Machine Learning (Prediction)

What’s machine learning?

  • modeling to make predictions or find patterns in data
  • often without explicit hypotheses
  • a flexible pattern-matcher looking for useful relationships in data
  • models learn patterns and relationships within the data
  • usually needs large amounts of data to train effective models

What’s machine learning?

  • less concerned with whether the data represents a random sample from a population
  • focus on predictive accuracy and generalization performance
  • interested in how well the model performs on new data

Scikit-learn

  • often shortened to sklearn
  • open-source machine learning library

Scikit-learn

  • This package includes:
    • Supervised Learning Algorithms: Linear Regression, Random Forests, Support Vector Machines (SVM), and Neural Networks
    • Unsupervised Learning Clustering Algorithms: K-means, PCA
    • Model Selection Tools: cross-validation, parameter tuning, and metrics evaluation
    • Data Preprocessing Tools: scalers, encoders, and feature selection

Train-Test

Since the focus of machine learning is on model performance, we worry more about overfitting – we (validate and) test data that was not used in building the models (training)

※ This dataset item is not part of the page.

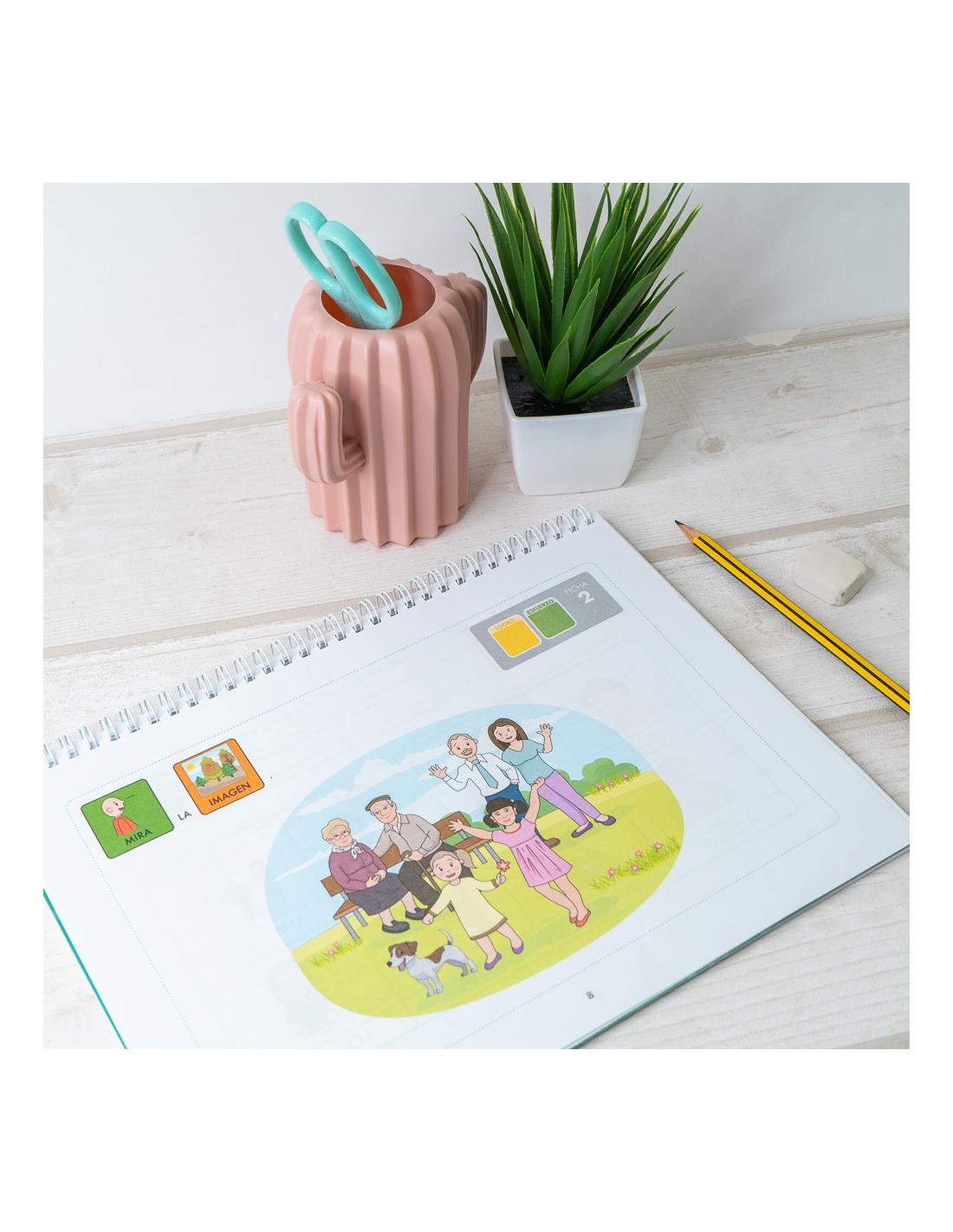 “Método de Lectoescritura Visual 1: Mi familia” es un cuaderno didáctico de Editorial GEU diseñado para facilitar el acceso a la lectoescritura a través de la ruta visual. Este material está especialmente indicado para niños y niñas con necesidades educativas especiales, como aquellos con Trastorno del Espectro Autista (TEA) o déficit cognitivo.

Testing (and validation) helps to assess how well the model generalizes to new, unseen data.

Train-Test

  • Training Set:
    • used to train the machine learning model
    • most of the data (70% to 80%, usually)
  • Testing Set:
    • used to evaluate the model’s performance
    • smaller portion of the data that the model has not seen during training.

Measuring Performance

Regression vs. Classification – different types of measures

Let’s start with regression:

  • Mean Square Error (MSE):average of the squared differences between predicted and actual values

  • Square Root of MSE (RMSE): makes the error values more interpretable as they are in the same units as the target variable

  • R-squared (R2 or \(R^2\)): the proportion of variance in the dependent variable explained by the model – ranges from 0 to 1, where 1 indicates a perfect fit.